When an item has pricemethod 0, the price is
simply normal_price. If pricemethod is greater than
0, groupprice and quantity are used to calculate
the price. There is variance here by implementation,
but generally pricemethod 1 or 2 will yield the
most obvious grouped pricing. Example: buy one, get
the second 50% off
    normal_price => 1.00
    pricemethod => 1 (or maybe 2)
    groupprice => 1.50
    quantity => 2
If discounttype is greater than zero, the special*
columns get used instead but otherwise behavior
should be similar.

start_date and end_date indicate the start and end
of a sale. The current register code does not check
these to validate sales.

department and subdept are an item's department
and subdepartment settings.

tax indicates if an item is taxable and at what rate

foodstamp indicates whether an item can be purchased
using foodstamps

scale indicates whether an item should be sold by weight

scaleprice indicates what type of random-weight barcodes
are used. Value zero means UPC-A where the last 4 digits
contains price with max value $99.99. Value one means
EAN-13 where the last 5 digits contain price with
max value $999.99.

mixmatchcode relates to pricing when pricemethod is
greater than zero. Items with the same mixmatchcode
are considred equivalent when determining whether the
customer has reached the required quantity.

modified [ideally] lists the last time a product was
changed. Not all back end tools remember to update this
and of course direct updates via SQL may forget too.

tareweight is a default tare for by weight items

discount indicates whether an item is eligible for
percentage discounts on a whole transactions. Value 0
means exclude from discounts.

discounttype indicates if an item is on sale
    0 => not on sale
    1 => on sale for everyone
    2 => on sale for members
Values greater than 2 may be used, but results will
vary based on whose code you're running

line_item_discount indicates whether an item is eligible
for line item discounts. Value 0 means not eligible.
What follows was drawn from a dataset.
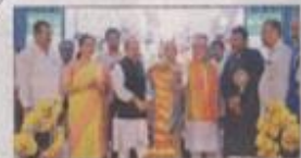
Union Finance Minister Nirmala Sitharaman inaugurating Millet Mile 2022 during the two-day millet conclave in Raichur on Saturday. Chief Minister Basavaraj Bommai and others are present.

“Holding Chief Minister Basavaraj Bommai for re-

unitofmeasure might be used for screen display and
receipt listings of quantity. 

qttyEnforced forces the cashier to enter an explicit
quantity when ringing up the item

idEnforced forces the cashier to enter the customer's
date of birth. This flag should be set to the age
required to purchase the product - e.g., 21 for 
alcohol in the US.

cost is the item's cost

isUse indicates whether the item is currently
available for sale. Whether cashiers can bypass this
setting probably varies by front end implementation.

local indicates whether the item is locally sourced.

deposit is a PLU. The product record with this UPC will
be added to the transaction automatically when the item
is rung.

default_vendor_id is the identifier (vendors.vendorID)
for the vendor who typically supplies the product.

current_origin_id is the identifier (origins.originID)
for the geographical location where the product is
currently sourced from.

Other columns:
size, advertised, wicable, and numflag 
have no current meaning on the
front or back end. Or no current implementation.
The meaning of idEnforced is pretty clear, but setting
it won't *do* anything.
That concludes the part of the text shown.